Strip the pictures and reproduce the rest of the listing exactly.

# Recorded data:
◇ ◇ ◇ ◇

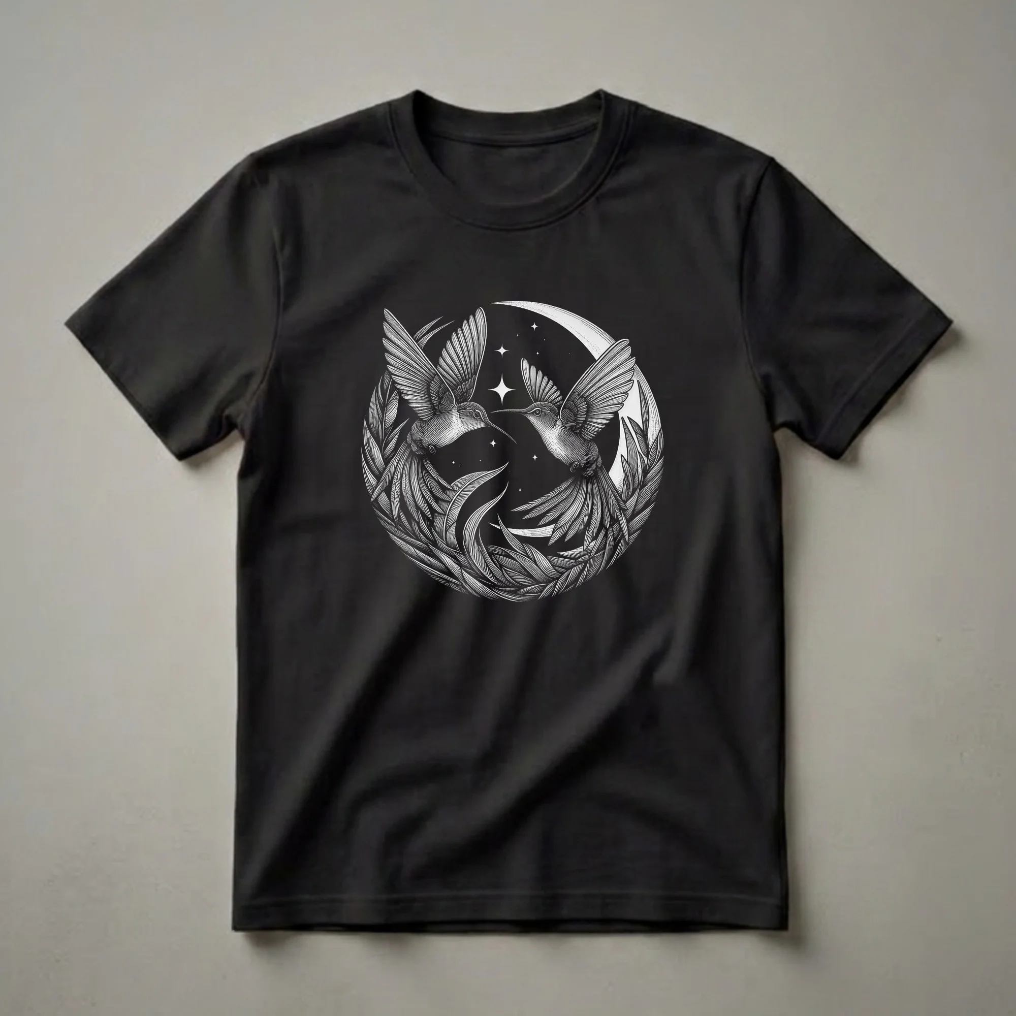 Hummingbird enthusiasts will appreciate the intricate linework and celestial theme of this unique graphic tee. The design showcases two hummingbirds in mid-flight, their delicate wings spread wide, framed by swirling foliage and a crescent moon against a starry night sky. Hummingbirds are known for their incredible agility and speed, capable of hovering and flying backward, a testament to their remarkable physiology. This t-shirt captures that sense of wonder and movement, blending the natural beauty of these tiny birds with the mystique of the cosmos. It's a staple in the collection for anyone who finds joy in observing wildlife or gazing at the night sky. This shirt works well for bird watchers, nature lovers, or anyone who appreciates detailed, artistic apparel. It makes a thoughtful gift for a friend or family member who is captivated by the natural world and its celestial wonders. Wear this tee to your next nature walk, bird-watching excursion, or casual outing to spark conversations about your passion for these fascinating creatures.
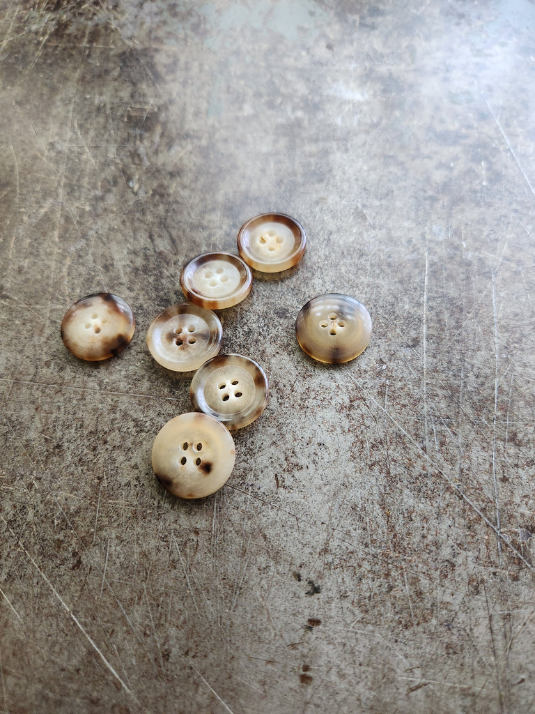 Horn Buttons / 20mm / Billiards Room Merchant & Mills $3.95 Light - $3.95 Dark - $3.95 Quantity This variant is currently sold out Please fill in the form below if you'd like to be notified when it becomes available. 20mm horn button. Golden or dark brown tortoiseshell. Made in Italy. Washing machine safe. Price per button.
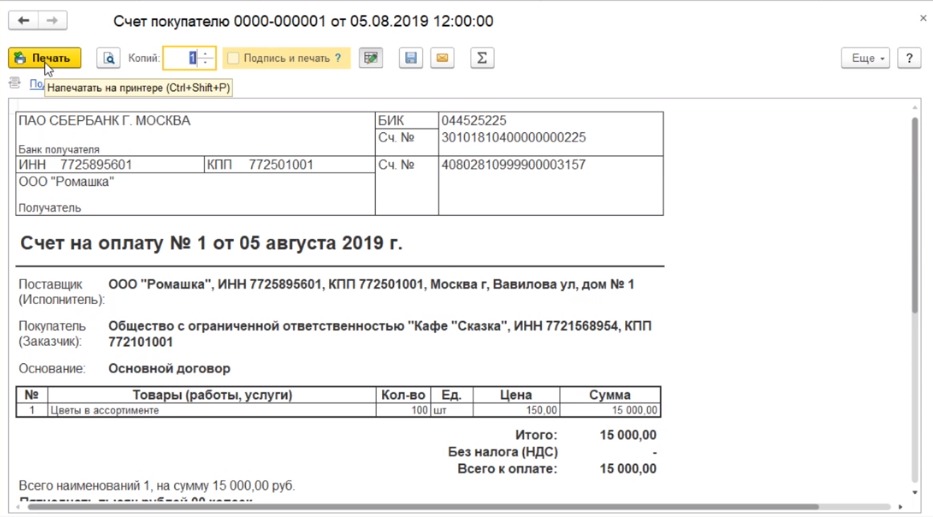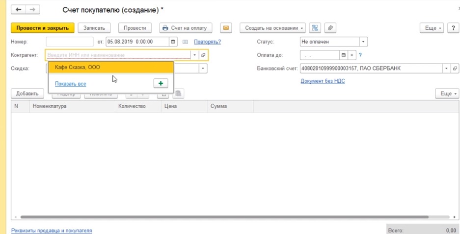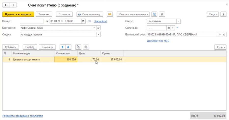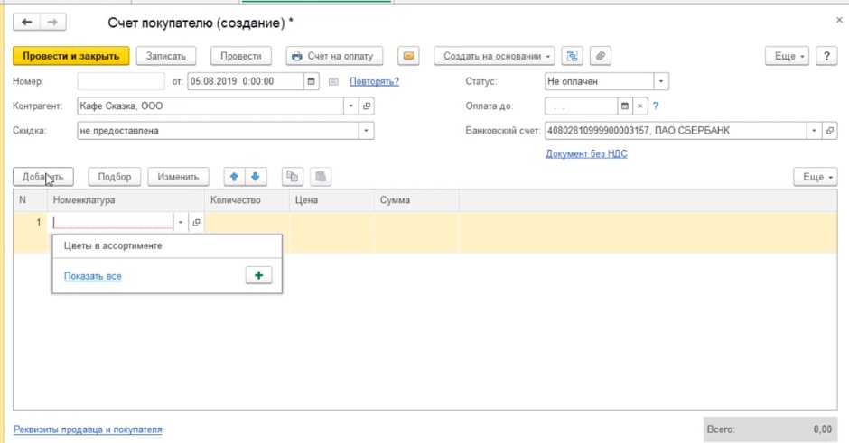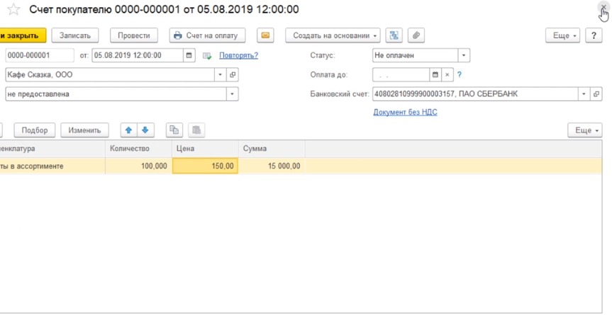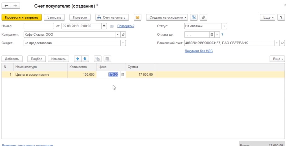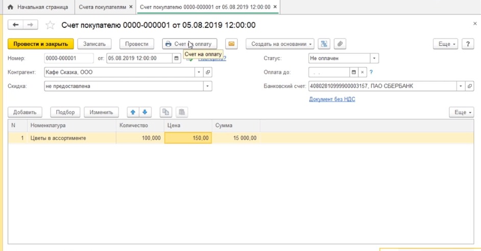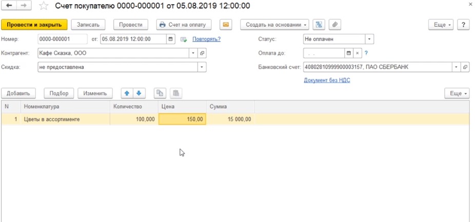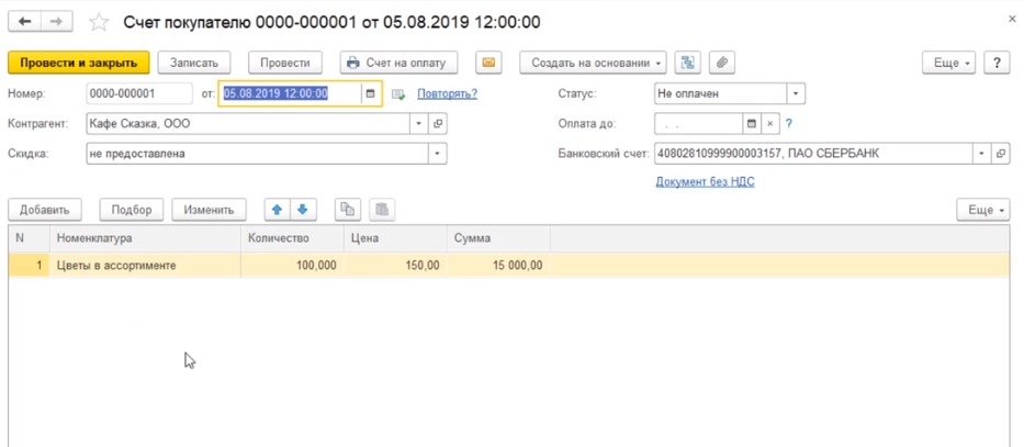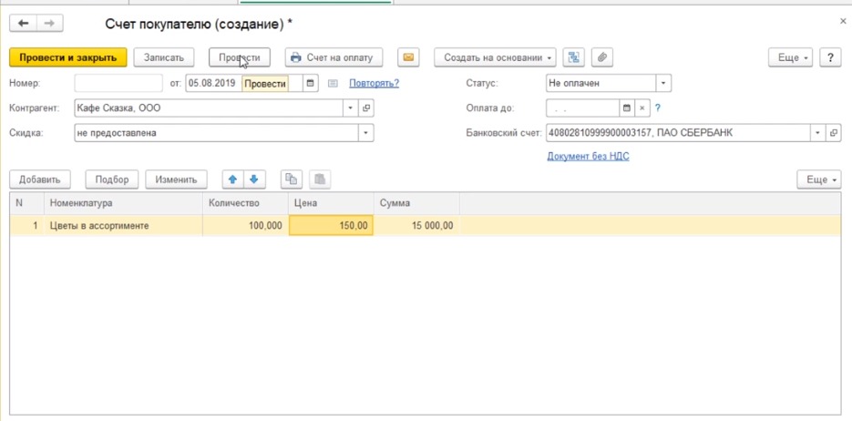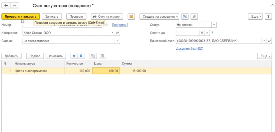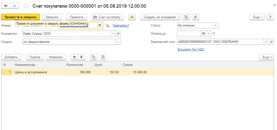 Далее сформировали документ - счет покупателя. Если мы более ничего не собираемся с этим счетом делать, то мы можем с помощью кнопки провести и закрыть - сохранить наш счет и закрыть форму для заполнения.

◇ ◇ ◇ ◇

# Task answer:
 Hummingbird enthusiasts will appreciate the intricate linework and celestial theme of this unique graphic tee. The design showcases two hummingbirds in mid-flight, their delicate wings spread wide, framed by swirling foliage and a crescent moon against a starry night sky. Hummingbirds are known for their incredible agility and speed, capable of hovering and flying backward, a testament to their remarkable physiology. This t-shirt captures that sense of wonder and movement, blending the natural beauty of these tiny birds with the mystique of the cosmos. It's a staple in the collection for anyone who finds joy in observing wildlife or gazing at the night sky. This shirt works well for bird watchers, nature lovers, or anyone who appreciates detailed, artistic apparel. It makes a thoughtful gift for a friend or family member who is captivated by the natural world and its celestial wonders. Wear this tee to your next nature walk, bird-watching excursion, or casual outing to spark conversations about your passion for these fascinating creatures.
 Horn Buttons / 20mm / Billiards Room Merchant & Mills $3.95 Light - $3.95 Dark - $3.95 Quantity This variant is currently sold out Please fill in the form below if you'd like to be notified when it becomes available. 20mm horn button. Golden or dark brown tortoiseshell. Made in Italy. Washing machine safe. Price per button.
 Далее сформировали документ - счет покупателя. Если мы более ничего не собираемся с этим счетом делать, то мы можем с помощью кнопки провести и закрыть - сохранить наш счет и закрыть форму для заполнения.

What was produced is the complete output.